2014 GSA Annual Meeting in Vancouver, British Columbia (19–22 October 2014)

Paper No. 68-6
Presentation Time: 2:25 PM

FLUVIAL-AEOLIAN COUPLING IN SIGNAL BUFFERING: THE ROLE OF THE THAR DESERT IN SEDIMENT FLUX TO THE INDIAN OCEAN


CLIFT, Peter D., Department of Geology and Geophysics, Louisiana State University, E235 Howe-Russell-Kniffen Geoscience Complex, Baton Rouge, LA 70803 and EAST, Amy E., U.S. Geological Survey, 400 Natural Bridges Drive, Santa Cruz, CA 95060

The Indus is the dominant river of SW Asia and its submarine fan can potentially be used to reconstruct the changing state of erosion in the western Himalaya and Karakoram.
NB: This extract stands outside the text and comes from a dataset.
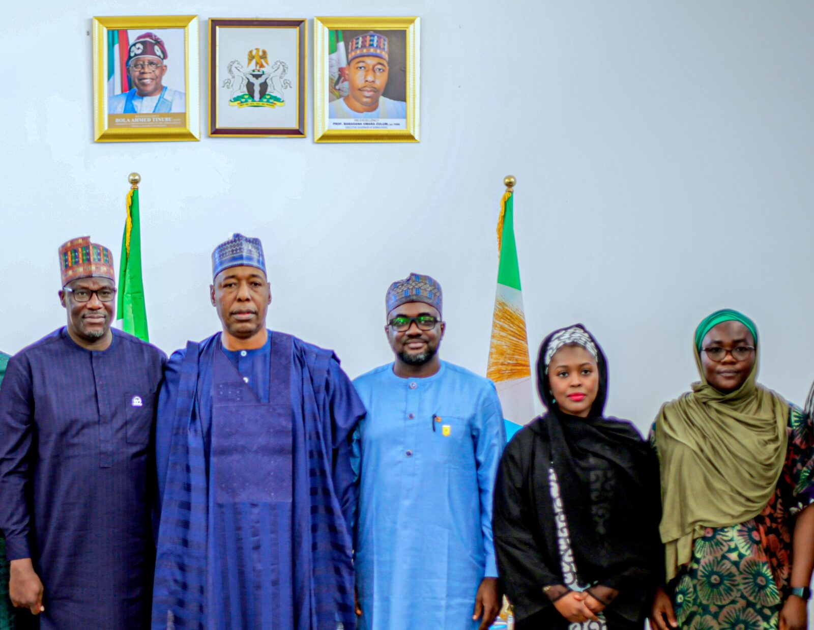 L-R – Regional Director, North, Leadway Assurance, Alhaji Yisau Gbadamosi; Executive Governor, Borno State, Prof. Babagana Umara Zulum CON mni; Group Chief Finance Officer, Leadway Holdings, Mr. Tunde Alao-Olaifa mni; Special Adviser to the President, National Economic Council (NEC) and Climate Change Resident (Office of the Vice President), Hajia Rukaiya El-Rufai and Group Head of Corporate Services, Leadway Holdings, Mrs. Aishat Bello-Garuba, during the handover of donated relief materials worth N117 million to the Borno Relief Fund by Leadway Group at the Borno State Government House in Maiduguri , recently.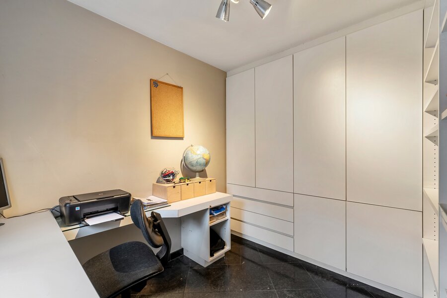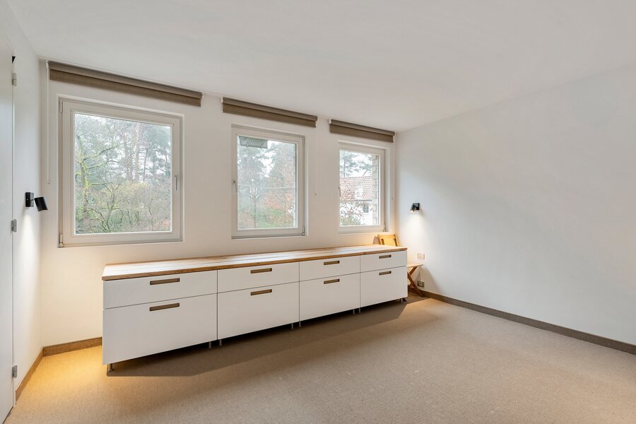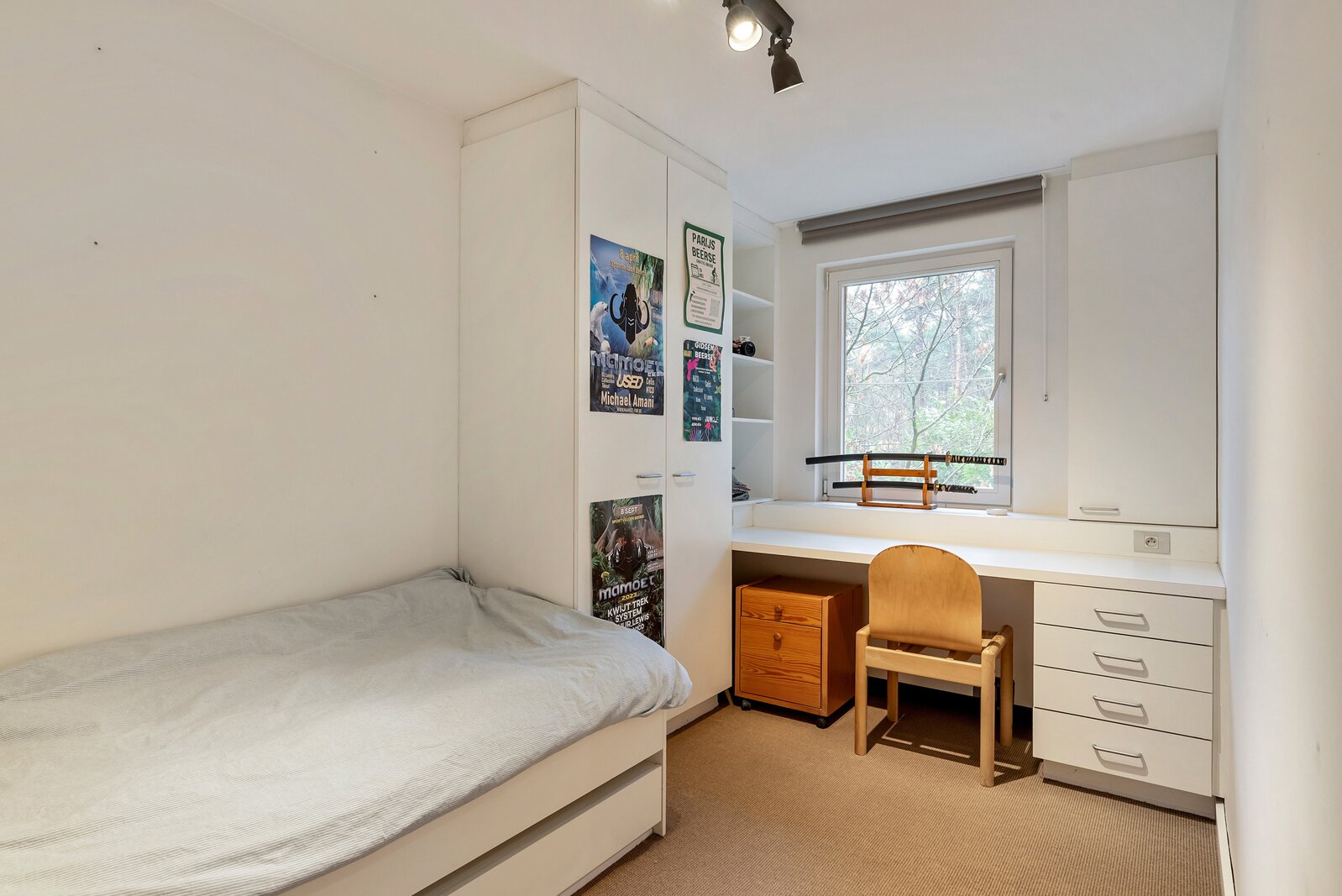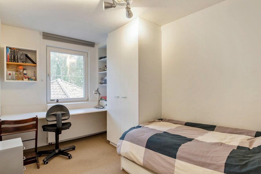 Eerste verdieping: De woning beschikt over 4 slaapkamers, waarvan twee met ingemaakte kasten, bed en bureau. De tweede slaapkamer heeft een ensuite badkamer met bad, enkele wastafel en ingemaakte kasten. De eerste badkamer (verbonden met de tweede, maar met aparte toegang) beschikt over een douche, toilet en dubbele wastafel.

The composition of the river is known to change quickly during glacial cycles in response to changes in monsoon rainfall intensity. Recently budgets suggest that around half of all the sediment reaching the delta since the start of the Holocene is recycled from terraces, with mountain valleys being the primary source of buffering. However, the role of recycling through the Thar Desert has so far been ignored. In the Indus flood plains fluvial and aeolian systems have exchanged sediment over large spatial scales (100s km) since at least 6 ka. Long distance recycling of Indus River sediment by summer monsoon wind northeastward into the Thar Desert is important enough that the desert shows dominantly lower Indus sediment provenance. Sediments in the Indus lower reaches and delta have had similar zircon U-Pb age populations, feldspar Pb isotope characteristics and Nd isotopic compositions as downwind Thar Desert sand since the mid-Holocene (<4 ka). On smaller spatial scales (1–10 m) there is also stratigraphic evidence of fluvial and aeolian sediment reworking from more local river sources. Summer monsoon winds recycle sediment from the Indus delta northeastward, i.e., upstream, back into the desert. Thus, since the Mid-Holocene, when the desert expanded and the river sediment load decreased because of a weakening summer monsoon, fluvial-aeolian recycling has become an important but little recognized process buffering sediment flux to the ocean. Similar fluvial-aeolian coupling likely also affects sedimentary signal transfer in other dryland regions globally.